I will contend that Generations takes the cake as the worst TNG movie. Obviously, the goal of this film was to get Kirk and Picard on the screen at the same time. Everything else in this film is a contrivance to make this happen, and it's not even good science fiction to get us there. To add grevious insult to injury, we get tragically little screen time between Malcom McDowell and Patrick Stewart and their poorly crafted motivations in the film's "climax". This casting choice should have surpassed Wrath of Kahn by a light year for scenery chewing awesomeness, but is instead overshadowed by Capt. Kirk barely accomplishing anything instead.
Also, in a moment of "let's double-down on fan-service", Picard Season 3 has a nod to Generations. There's a blink-and-you'll-miss-it moment when the gang is on the Daystrom Institute space station. A sealed room is marked as containing the remains of Capt. Kirk, probably of interest since he went MIA only to turn up decades later in Picard's logs as having returned from the Nexus.
Ah yes, the ledgers.
Actuarial acrobatics so foul, that they are still talking of it on Feringinar to this day. The Klingons involved thought they had invented a new martial art by way of mathematics, and their deep fiscal wounds would be the stuff of song and wine in Stovokor. Unfortunately, it was a hilariously naked attempt at simple fraud. No double-books, no accumulation of rounding errors, no plausible line-items for non-existent goods, no money laundering, no elaborate fences, no nameless middlemen that aren't middlemen, no real subterfuge. Just plain, conventional, bad math and bogus prices. No, the legend persists not because of how brilliant a scam this was, but rather how something so simple almost toppled one of the greatest houses on Kronos; a practical bankruptcy for a Klingon!
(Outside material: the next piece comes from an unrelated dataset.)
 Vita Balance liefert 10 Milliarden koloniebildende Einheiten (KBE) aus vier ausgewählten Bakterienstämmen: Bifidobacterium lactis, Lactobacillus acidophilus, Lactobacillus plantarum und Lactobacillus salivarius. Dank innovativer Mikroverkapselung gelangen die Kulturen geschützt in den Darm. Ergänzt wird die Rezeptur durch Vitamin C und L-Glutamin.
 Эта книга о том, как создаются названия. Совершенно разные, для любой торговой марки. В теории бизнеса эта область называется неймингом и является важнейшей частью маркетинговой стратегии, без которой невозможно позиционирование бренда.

That is, until Quark came along and explained the deed in plain, simple, Federation Common tongue (ugh) so that even a baby could understand.
Shaxs is a menace.
...
But that other warp core totally had it coming.
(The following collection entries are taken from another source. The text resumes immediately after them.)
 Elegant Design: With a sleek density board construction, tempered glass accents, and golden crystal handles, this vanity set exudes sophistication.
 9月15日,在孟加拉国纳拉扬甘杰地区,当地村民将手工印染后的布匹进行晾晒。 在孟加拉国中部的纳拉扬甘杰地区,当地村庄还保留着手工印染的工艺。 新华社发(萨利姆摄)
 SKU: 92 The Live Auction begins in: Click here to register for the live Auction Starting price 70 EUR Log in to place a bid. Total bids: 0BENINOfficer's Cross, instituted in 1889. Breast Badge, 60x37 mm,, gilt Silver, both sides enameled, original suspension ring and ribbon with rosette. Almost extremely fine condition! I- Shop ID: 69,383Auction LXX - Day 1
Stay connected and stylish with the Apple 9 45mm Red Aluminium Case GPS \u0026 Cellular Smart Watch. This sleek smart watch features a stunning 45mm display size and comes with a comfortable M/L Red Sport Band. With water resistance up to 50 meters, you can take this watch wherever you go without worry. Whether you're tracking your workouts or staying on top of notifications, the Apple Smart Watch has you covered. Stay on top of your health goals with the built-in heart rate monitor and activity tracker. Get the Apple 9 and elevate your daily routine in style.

@Stamets, you'll be missed.
I don't know what condition c/Risa was in before you got here but you clearly helped build the phenomenon it is today. I know that, by your own admission, you're (re)posting largely out of a hand-built database of old Trek memes, lovingly archived from elsewhere. But I wouldn't think that a small task - it's a lot more effort than any of us shitposters ever summoned for a few laughs. So, we're all standing on your shoulders to an extent. And all of it has been the highlight of my post-Reddit online reading this year, so thanks for everything.
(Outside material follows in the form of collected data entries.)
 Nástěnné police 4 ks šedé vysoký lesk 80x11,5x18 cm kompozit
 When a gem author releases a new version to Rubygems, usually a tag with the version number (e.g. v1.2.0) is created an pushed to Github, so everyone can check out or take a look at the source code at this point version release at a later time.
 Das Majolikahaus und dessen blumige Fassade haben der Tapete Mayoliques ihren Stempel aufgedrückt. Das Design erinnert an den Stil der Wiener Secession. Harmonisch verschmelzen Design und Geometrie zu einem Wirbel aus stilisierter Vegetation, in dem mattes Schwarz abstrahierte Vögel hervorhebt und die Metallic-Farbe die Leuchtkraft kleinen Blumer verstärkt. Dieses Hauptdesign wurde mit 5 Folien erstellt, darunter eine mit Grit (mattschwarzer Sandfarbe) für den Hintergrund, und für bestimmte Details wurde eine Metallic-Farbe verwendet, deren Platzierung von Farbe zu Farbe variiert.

See you out in the Fediverse.
First off: Thanks, I hate it. Now that's possibly in my head forever.
Secondly, you're probably right.
There were endless moments in season 3 that would have been solved by reaching out to the progressive Borg collective from the season 2 finale. Not to mention that a few character arcs and character development moments that just seem suspiciously absent in season 3. So, is the entirety of season 2 not cannon or am I missing something?